I don't say this to shame anyone. I say it because the absence of immediate consequence is a real liability. It allows churches to mistake survival for faithfulness. It allows us to avoid the kind of honest self-assessment that startup teams do every week because they have to. Churches have the luxury of slow decline — and that luxury is quietly killing a lot of them.

What churches can borrow

Over the last two decades, startups have developed a rich toolkit for navigating fluid contexts: lean startup methodology, design thinking, user research, agile iteration, honest measurement, the minimum viable product. These tools are not neutral — they carry assumptions about what matters and how to decide.
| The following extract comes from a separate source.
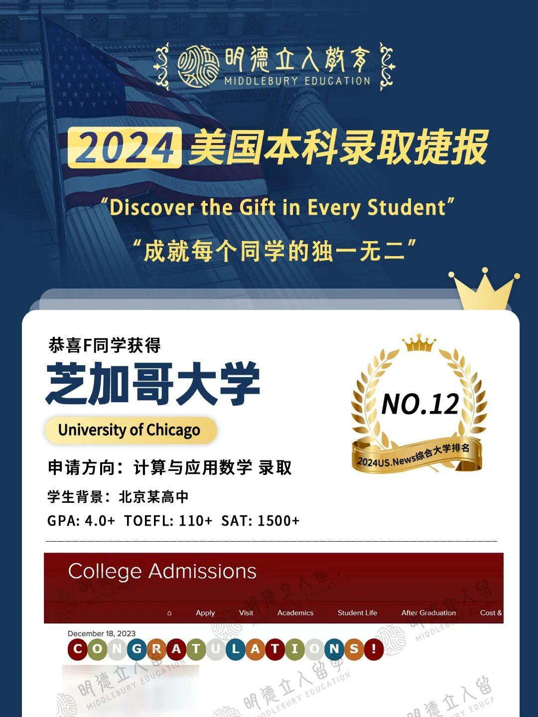 录取芝加哥大学的F同学--选择应用数学+CS方向,未来想进入科技大厂实习。

But they can be adopted with discernment, and they're extraordinarily useful.

A church that talks to the people it's trying to reach — actually interviews them, actually listens, actually lets their answers reshape the ministry model — is doing user research. A church that prototypes a new gathering before committing a five-year budget to it is running a lean experiment. A church that measures not just attendance but the depth of relationships formed, the theological formation happening, the neighborhood's perception — that church is doing the equivalent of a thoughtful product dashboard.
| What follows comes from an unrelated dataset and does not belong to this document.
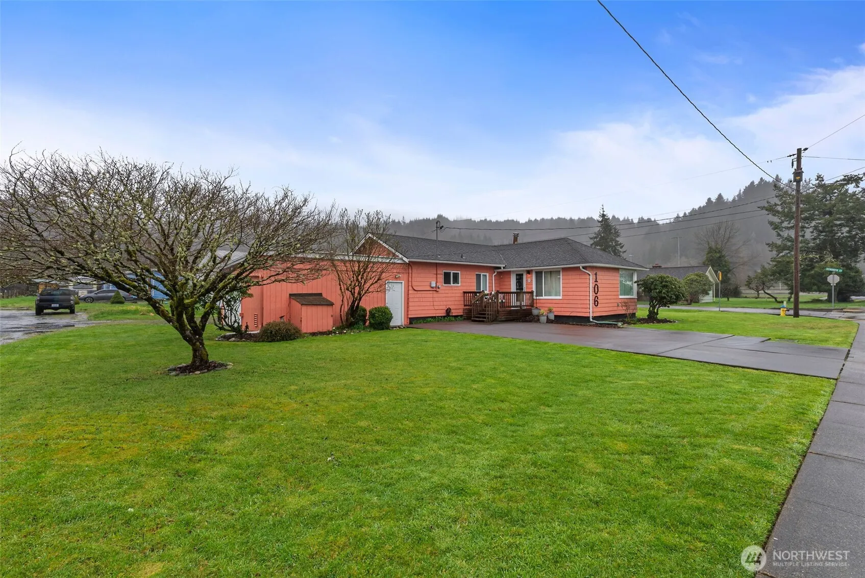 This charming home sits on a generous corner lot, with stylish accents and modern fixtures throughout. The spacious living and dining area offer a great flow for entertaining, making gatherings effortless. The kitchen features butcher block countertops, open shelving, and a convenient bar top seating area. The main bedroom stands out with a beautiful shiplap wall, moody tones, and direct access to the bathroom with a large shower. The utility room adds extra space for storage or as a mudroom, leading to the covered back patio. The driveway offers ample parking, plus there’s an attached garage and a large shed for additional storage.

None of this replaces prayer, preaching, the sacraments, or the work of the Spirit. It supplements them with a kind of strategic humility — an acknowledgement that context matters, that we can be wrong, that the thing we did last year may not be the thing the next year needs.

What startups can borrow

Less often discussed, but just as real: startups have something to learn from churches too. Most startup teams burn out because they chase metrics without a clear why. They optimize for growth because growth is measurable, and they lose the sense of larger purpose that sustained the founders through the early years. Churches know something about long time horizons, about vocation, about the discipline of stewardship over ownership. Churches know that some of the most important work is invisible and unquantifiable.
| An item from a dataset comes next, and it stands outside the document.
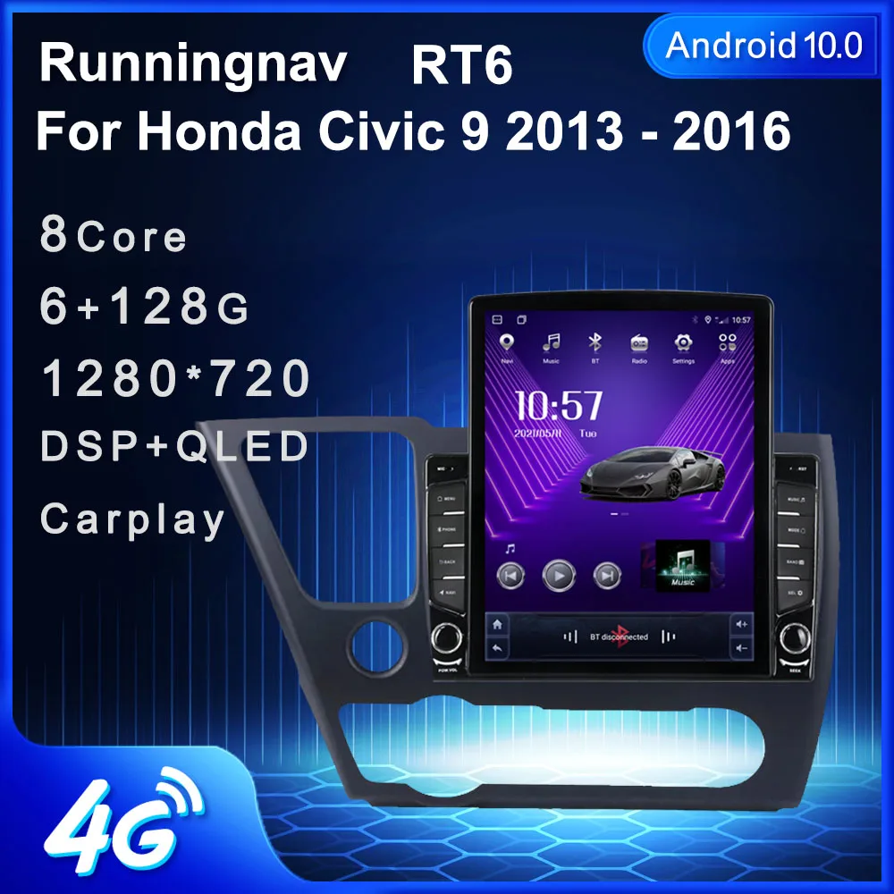 Автомагнитола Tesla, 9,7 дюйма, Android 10,1, для Honda Civic 9 2013-2016, мультимедийный видеоплеер, навигация GPS, RDS, без dvd

The best product teams I've worked with behave a bit like small, healthy churches: clear about their mission, patient with each other, willing to measure the right things rather than the easy ones, invested in the formation of their people and not just the output of their work.

One approach, two contexts

This is what "Missional by Design" is actually about. It's not a claim that churches should become startups, or that startups are secretly churches. It's an observation that the design work in both contexts is more similar than we usually admit — and that if we're honest about that overlap, we can bring the best tools from each tradition to bear on the deepest questions in the other.

Grand vision. Limited resources. Fluid context. Stewardship. A human-centered posture. These five things sit in the middle of both circles. If you're building in either world — and especially if you're building at the intersection — they are the ground you're standing on.